If you are of an age, anywhere above 40, you most likely remember living through the summer without air conditioning. Growing up in New Jersey we had some warm spells but the reason we finally got a window unit when I was in high school was to help filter the air to help with my allergies.  It was the ONLY time my sisters wished they had allergies like me……

Each summer from the age of 3 until 16, I traveled with my parents on camping trips around the United States. We slept in a huge heavy canvas tent for years which eventually got replaced with two smaller lighter tents. In 1965 we got our first camper van that snugly slept all 5 of us plus our two boxers. Sometimes we enjoyed setting up wherever we wanted to stop, like crossing the Nevada dessert. Dad pulled off the highway (no interstate expressways in those days) and followed a dirt road a ways, making sure we stayed between the highway and the first rain culvert.  The idea of a camper van opened up new areas to us.our van on daytona beach fl

But we never went to the Deep South because, in the summer, the heat and humidity made things pretty uncomfortable. We visited some areas on trips during school vacations in December and the spring, but no full exploration without air conditioning.

I moved to Nashville in 1975 and my exploration of the Deep South really started.  My first car did not have air conditioning and I would jump in the condo complex pool after my late afternoon drive home. In the summer Memphis often was 90/90…90 degrees and 90% humidity. My hair in those days best resembled Bozo the Clown because of the damp. It was years before I finally got a style that was good for my curly hair and stopped fighting nature for that straight hair look that I never could achieve.

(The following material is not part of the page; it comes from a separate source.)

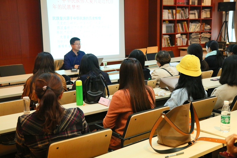 时教授首先通过对中国古代社会发展历程的讲述,强调了回顾历史的重要性,以及从历史发展规律中展望未来的研究视角;其次,时教授对于中共一大召开、红军长征、平型关大捷、开国大典和十一届三中全会召开等诸多重要历史事件的生动讲述,将中国共产党的发展历史沿着时间轴线作了系统的梳理,带领同学们重温了党在各个历史阶段发挥的重要作用;最后,时教授希望同学们在对党史的学习中,坚定中华民族伟大复兴的理想,不忘初心,继续前进。

Until air conditioning spread throughout the South is was a laid back place. I lived there in the mid to late 70s and returned to Nashville in 1994. The difference was amazing. During those two decades, air conditioning had given the once sleepy culture a vitality it had not had – ever. There is a reason the South had a reputation for being slow….it was. You HAVE to move slower in the kind of weather that lasts for months and months.heatindex

Once air conditioning became widespread there was a new migration of people in the US. Many people moved south to areas that welcomed them and cities grew. Nashville had a population of 500,000 when I lived there in the late 70s and over a million 20 years later. And that population was much more diverse with people from all over the globe, not just the nation.  This influx of diversity resulted in some new cultural norms in the South,

For example, when I worked for the Tennessee Supreme Court in 1975-1978, a pretty conservative work place, I stood out as a “foreigner” because of my Yankee accent.  (In those days they called me a “Yamn Dankee” and smiled, thinking they were not being rude, bless their hearts.)  I used to fly home to visit my parents and bring back bagels. One day one of my co-workers asked me why I was eating my sandwich on a donut.  I introduced them to bagels and soon I was “importing” 5 dozen each time I flew back from New Jersey to Nashville. In 1994, when we returned to Nashville, it became very apparent things had changed…at least on the surface.  I saw  bagel shops all around town. More surprisingly, I saw many many many multi-racial couples. However,  people were no longer as “polite” as they had been before. They expressed very clearly the things that had changed that they hated. Very few thought the change was good, but they sure did like their air conditioning.

There have been a lot of changes in the past 27 years. At the time, 35% of American homes did not have air conditioning. By 2005 only 15% did not. By 2009, 97% of homes in the South had an air conditioner.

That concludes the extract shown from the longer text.